[Python-ideas] string codes & substring equality

Wed Nov 27 15:32:48 CET 2013

Hello,

Coming back to python after a long time.
My present project is about (yet another) top-down matching / parsing lib. There 
are 2 issues that, I guess, may be rather easily solved by simple string 
methods. The core point is that any scanning / parsing process ends up, a the 
lowest level, constantly comparing either single-char (rather single-code) 
substrings or constant (literal) substrings of the source string. This is the 
only operation which, when successful, actually advances in the source. Thus, it 
is certainly worth having it efficient, or at the minimum not having it 
needlessly inefficient. I suppose the same functionalities can be highly useful 
in various other use cases of text processing.
Note again that I'm rediscovering Python (with some pleasure :-), thus may miss 
known solutions -- but I asked on the tutor mailing list.

In both cases, I guess ordinary idiomatic Python code actually _creates_ a new 
string object, as a substring of length 1 or more, which is otherwise useless; 
for instance:

     if s[i] == char:
         # match ok -- object s[i] unneeded

     if s[i:j] == substr:
         # match ok -- object s[i:j] unneeded

What is actually needed is just to check for equality (or another check about a 
code, see below).

The case of single-code checking appears when (1) a substring happens to hold a 
single code (meaning it represents a simple or precomposed unicode char) (2) 
when matching a char from a given set, range, or more complex class (eg in regex 
[a-zA-Z0-9_-']).

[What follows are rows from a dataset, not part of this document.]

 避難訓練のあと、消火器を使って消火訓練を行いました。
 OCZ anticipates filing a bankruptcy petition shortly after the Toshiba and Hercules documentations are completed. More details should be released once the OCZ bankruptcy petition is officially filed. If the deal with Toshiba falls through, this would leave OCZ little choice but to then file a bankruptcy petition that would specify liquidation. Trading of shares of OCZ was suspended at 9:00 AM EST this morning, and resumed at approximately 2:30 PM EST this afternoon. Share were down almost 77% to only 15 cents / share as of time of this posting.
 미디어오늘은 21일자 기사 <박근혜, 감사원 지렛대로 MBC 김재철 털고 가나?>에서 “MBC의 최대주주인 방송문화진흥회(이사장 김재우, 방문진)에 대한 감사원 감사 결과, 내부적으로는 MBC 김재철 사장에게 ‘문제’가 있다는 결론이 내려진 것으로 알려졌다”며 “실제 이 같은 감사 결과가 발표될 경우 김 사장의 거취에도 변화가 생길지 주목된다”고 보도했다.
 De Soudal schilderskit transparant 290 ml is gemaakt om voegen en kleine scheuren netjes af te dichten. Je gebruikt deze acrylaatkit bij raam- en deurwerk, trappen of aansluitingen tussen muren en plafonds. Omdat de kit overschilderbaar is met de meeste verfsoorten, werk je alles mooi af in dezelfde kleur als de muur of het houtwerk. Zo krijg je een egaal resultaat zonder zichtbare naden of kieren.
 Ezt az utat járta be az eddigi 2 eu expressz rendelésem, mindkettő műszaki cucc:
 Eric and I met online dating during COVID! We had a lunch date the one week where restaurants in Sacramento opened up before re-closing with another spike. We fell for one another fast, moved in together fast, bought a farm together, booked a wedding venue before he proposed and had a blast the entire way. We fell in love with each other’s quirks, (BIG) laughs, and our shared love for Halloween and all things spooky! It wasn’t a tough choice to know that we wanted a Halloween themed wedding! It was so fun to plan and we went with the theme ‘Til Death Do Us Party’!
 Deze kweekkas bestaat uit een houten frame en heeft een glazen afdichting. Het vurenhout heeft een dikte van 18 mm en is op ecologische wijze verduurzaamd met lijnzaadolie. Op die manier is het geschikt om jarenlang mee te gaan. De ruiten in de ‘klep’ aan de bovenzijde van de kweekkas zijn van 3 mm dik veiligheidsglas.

In all cases, what we want is tocheck the code: compare it to a 
constant value, check whether it belongs to a set of value, or lies inside a 
given range. We need the code --not a single-code string. Ideally, I'd like 
expressions like:

     c = s.code(i)	# or s.ord(i) or s.ucode(i) [3]

     # and then one of:
     if c = code:
         # match ok

     if c in codes:
         # match ok

     if c >= code1 and c <= code2:
         # match ok

The builtin function ord(char) does not do the job, since it only works for a 
single-char string. We would again need to create a new string, with ord(s[i]). 
The right solution apparently is a string method like code(self, i) giving the 
code at an arbitrary index. I guess this is trivial.
I'm surprised it does not exist; maybe some may think this is a symptom there is 
no strong need for it; instead, I guess people routinely use a typical Python 
idiom without even noticing it creates a unneeded string object. [2] [3]

What do you think?

A second need is checking substring equality against constant substrings of 
arbitrary sizes. This is similar to startswith & endswith, except at any code 
index in the source string; a generalisation. In C implementation, it would 
probably delegate to memcomp, with a start pointer set to p_source+i. On the 
Python side, it may be a string method like sub_equals(self, substr, i). Choose 
you preferred name ;-). [1] [4]

     if s.sub_equals(substr, i):
         # match ok

What do you think? (bis)

Thank you,
Denis

[1] I am unsure whether an end index is useful, actually I don't really 
understand its usage for startswith & endswith neither.

[2] Actually, the compiler, if smart enough, may eliminate this object 
construction and just check the code; does it? Anyway, I think it is not that 
easy in the cases of ranges & sets.

[3] As a side-note, 'ord' is in my view a misnomer, since character codes are 
not ordinals, with significant order, but nominals, plain numerical codes which 
only need to be all distinct; they are kinds of id's. For unicode, I call them 
'ucodes', an idea I stole somewhere. But I would be happy is the method is 
called 'ord' anyway, since the term is established in the Python community.

[4] Would such a new method make startswith & endswith unneeded?